In the general public, many have probably heard of Bipolar Disorder but may not have much info beyond that. “Bipolar” is now looked at as a spectrum with varying degrees of symptoms. When I meet with a new client it is not uncommon that they have met with a psychiatrist who has used the diagnostic term bipolar. People can find this upsetting and frightening because they can’t readily make sense of it. The spectrum addresses the fact that different people can have varying degrees of “bipolarity.”
Let’s talk for a minute about the concept of diagnosis. Labelling a condition can be scary. What does this mean for my future? Will my children be susceptible to this? In my mind, diagnosis has two primary uses.
1) Understanding what you might be experiencing in a way that is useful and understanding that you are not alone and 2)using the diagnostic process to inform treatment options. It is a tool, not your identity.
First things first. Bipolar 1 is associated with cycling episodes of mania and depression. Mania is distinguished by some or all of the following: better than normal mood, rapid speech, very reduced sleep, racing thoughts, high energy, grandiosity. People in the midst of a manic episode may exhibit overspending behaviors, hyper sexuality, impulsive decisions, inflated sense of one’s capabilities. Bipolar 1 manic episodes may require hospitalization or intense out patient treatment. Bipolar disorder may interfere with one’s ability to work. There is often a family history of others who have been diagnosed BP1. A person may seek treatment when depressed or during or after a manic episode.

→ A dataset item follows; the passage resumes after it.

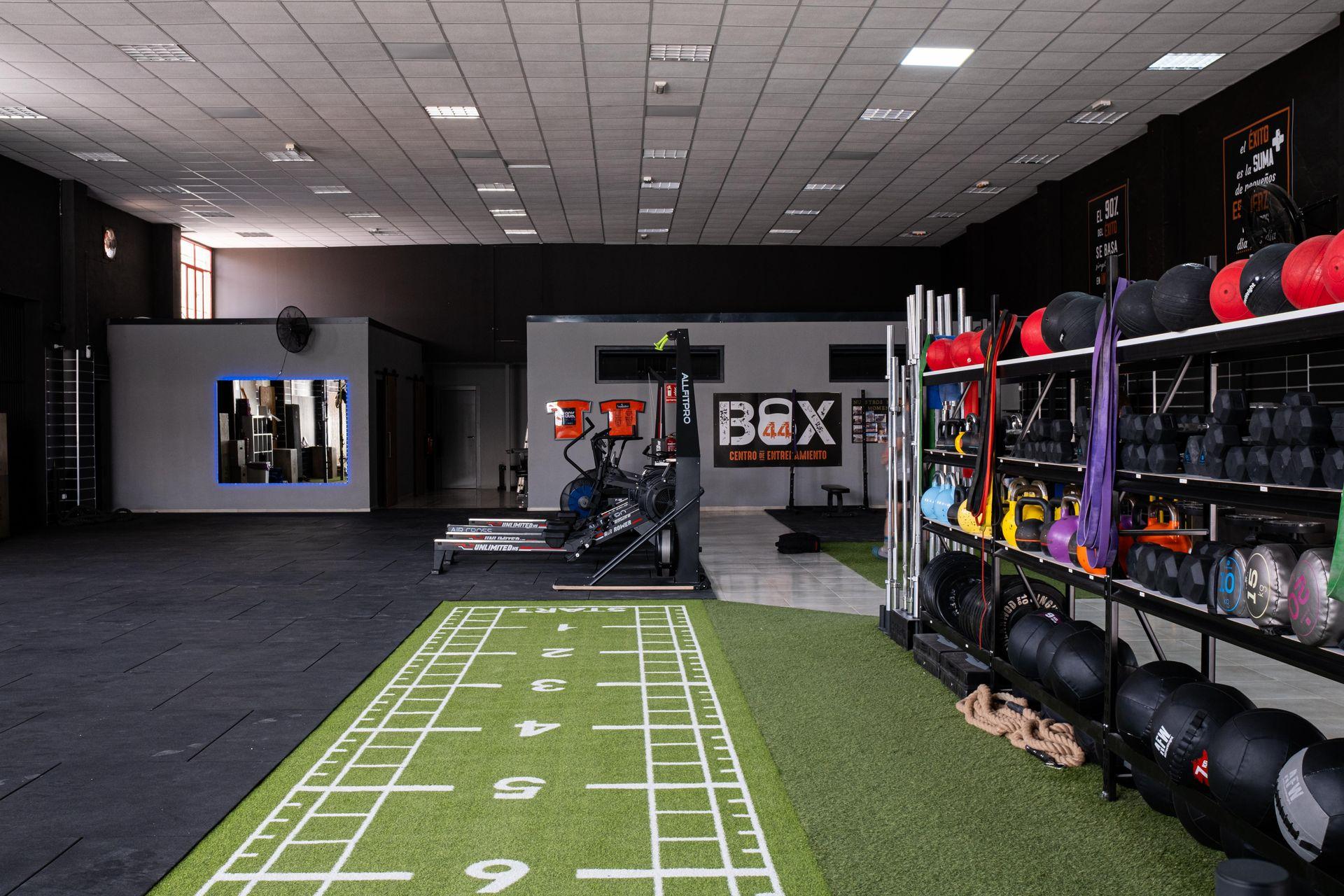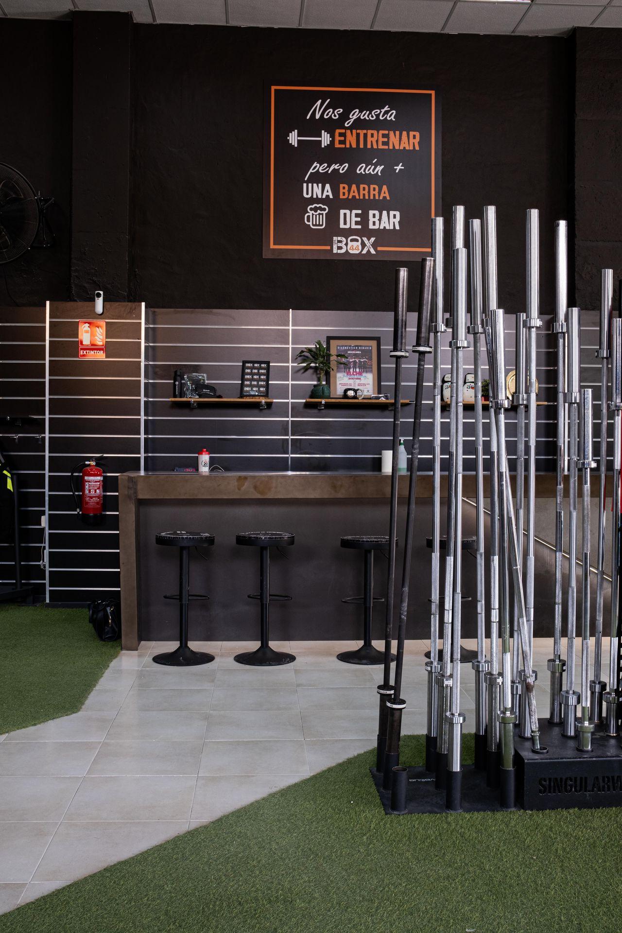 Las zonas de ejercicio están claramente delimitadas con diferentes tipos de suelo, desde el césped artificial hasta el caucho, optimizando cada rincón para la actividad física. Elementos gráficos y frases inspiradoras en las paredes, junto a un área de barra para la interacción social, refuerzan un ambiente comunitario y de superación, haciendo de cada visita una experiencia completa.

So let’s move to BP2. More often than not, people with this diagnosis will seek help when they are depressed. Psychiatrists and therapists may look for evidence of past episodes of hypomania. These would be periods with many of the same descriptors but with less intensity and duration. Periods of feeling better than good, sleep disruption, rapid speech, and increased confidence. The current guideline for hypomania is 4 days but there is controversy about the accuracy of this. The hallmarks of depression of BP2 include low energy, increased sleep and increased appetite. The person may have had a number of periods of depression with onset of depression before age 25.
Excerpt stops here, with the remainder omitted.